Problem details
Below are records with pictures. Transcribe exactly, and only, the lines from the line with "November Average and" to the line with "White Black Double", both ends included, but not the pictures.

Task material
Segment Open

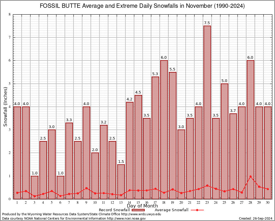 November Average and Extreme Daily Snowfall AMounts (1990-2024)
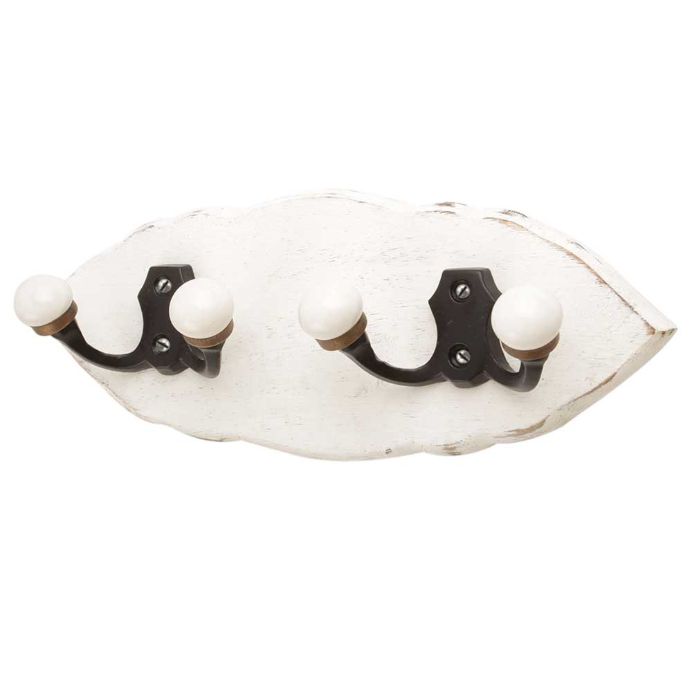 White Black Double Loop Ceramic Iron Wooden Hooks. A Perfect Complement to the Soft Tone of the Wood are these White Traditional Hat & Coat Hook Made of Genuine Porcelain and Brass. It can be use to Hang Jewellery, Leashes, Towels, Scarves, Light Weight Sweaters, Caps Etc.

Segment Closed
Segment Open

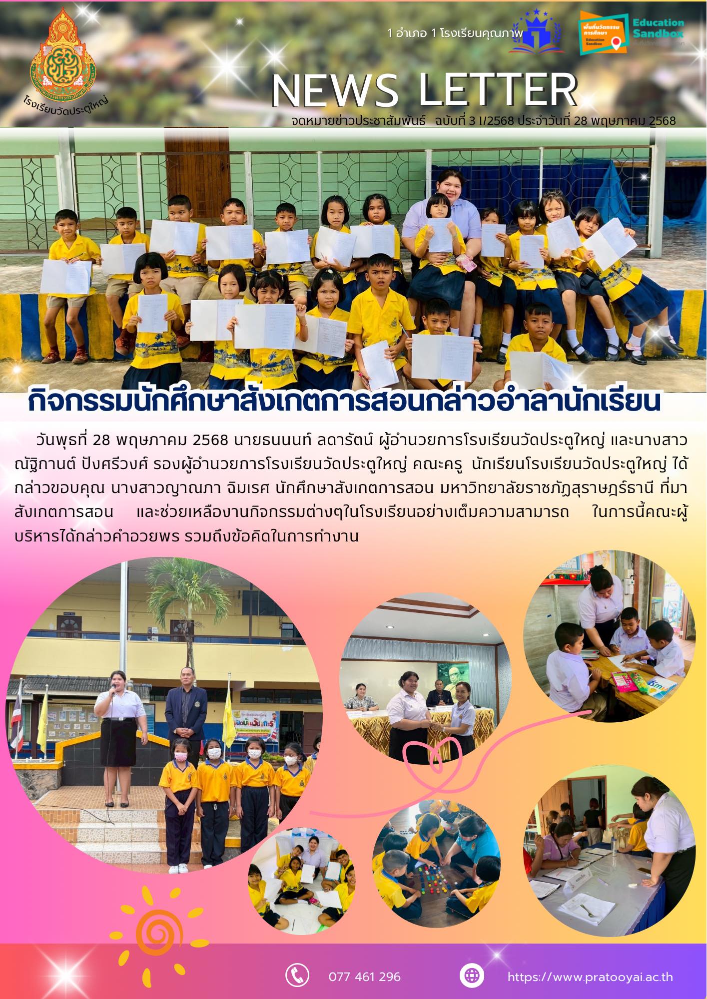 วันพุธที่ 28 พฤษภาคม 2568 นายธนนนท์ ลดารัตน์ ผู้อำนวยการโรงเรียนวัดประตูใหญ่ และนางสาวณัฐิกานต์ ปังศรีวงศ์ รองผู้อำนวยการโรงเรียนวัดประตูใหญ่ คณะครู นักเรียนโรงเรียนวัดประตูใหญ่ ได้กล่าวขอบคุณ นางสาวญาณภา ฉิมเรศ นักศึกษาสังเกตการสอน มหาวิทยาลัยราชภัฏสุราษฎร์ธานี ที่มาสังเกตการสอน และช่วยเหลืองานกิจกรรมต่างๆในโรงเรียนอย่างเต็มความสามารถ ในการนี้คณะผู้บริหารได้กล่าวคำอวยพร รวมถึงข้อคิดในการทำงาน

Segment Closed
Segment Open

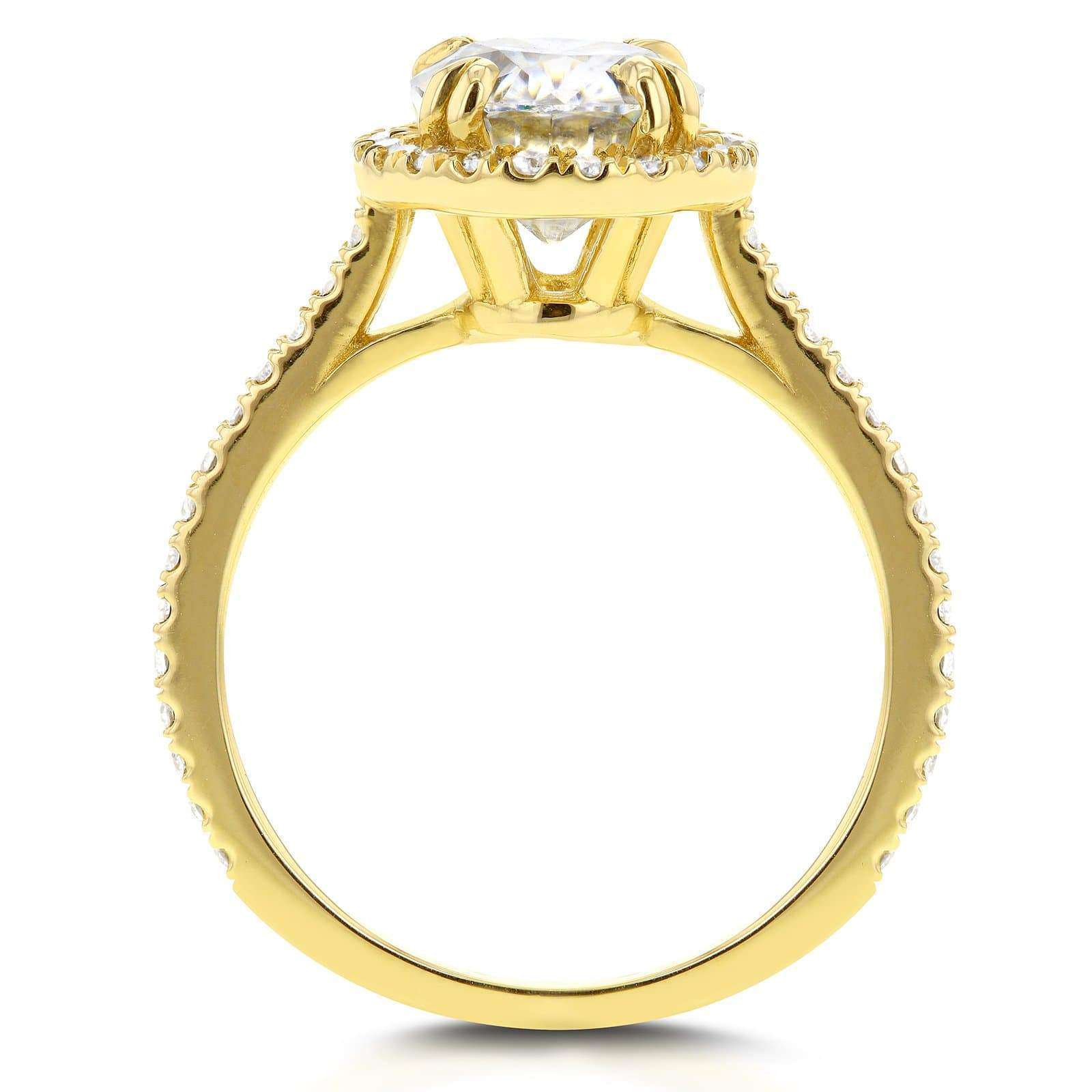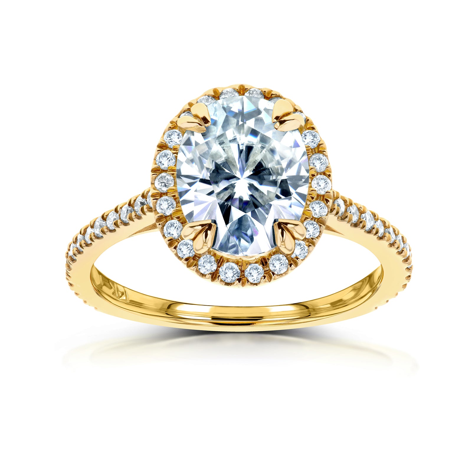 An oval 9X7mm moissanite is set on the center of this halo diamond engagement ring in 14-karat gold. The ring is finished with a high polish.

Segment Closed

Result of the task
 November Average and Extreme Daily Snowfall AMounts (1990-2024)
 White Black Double Loop Ceramic Iron Wooden Hooks. A Perfect Complement to the Soft Tone of the Wood are these White Traditional Hat & Coat Hook Made of Genuine Porcelain and Brass. It can be use to Hang Jewellery, Leashes, Towels, Scarves, Light Weight Sweaters, Caps Etc.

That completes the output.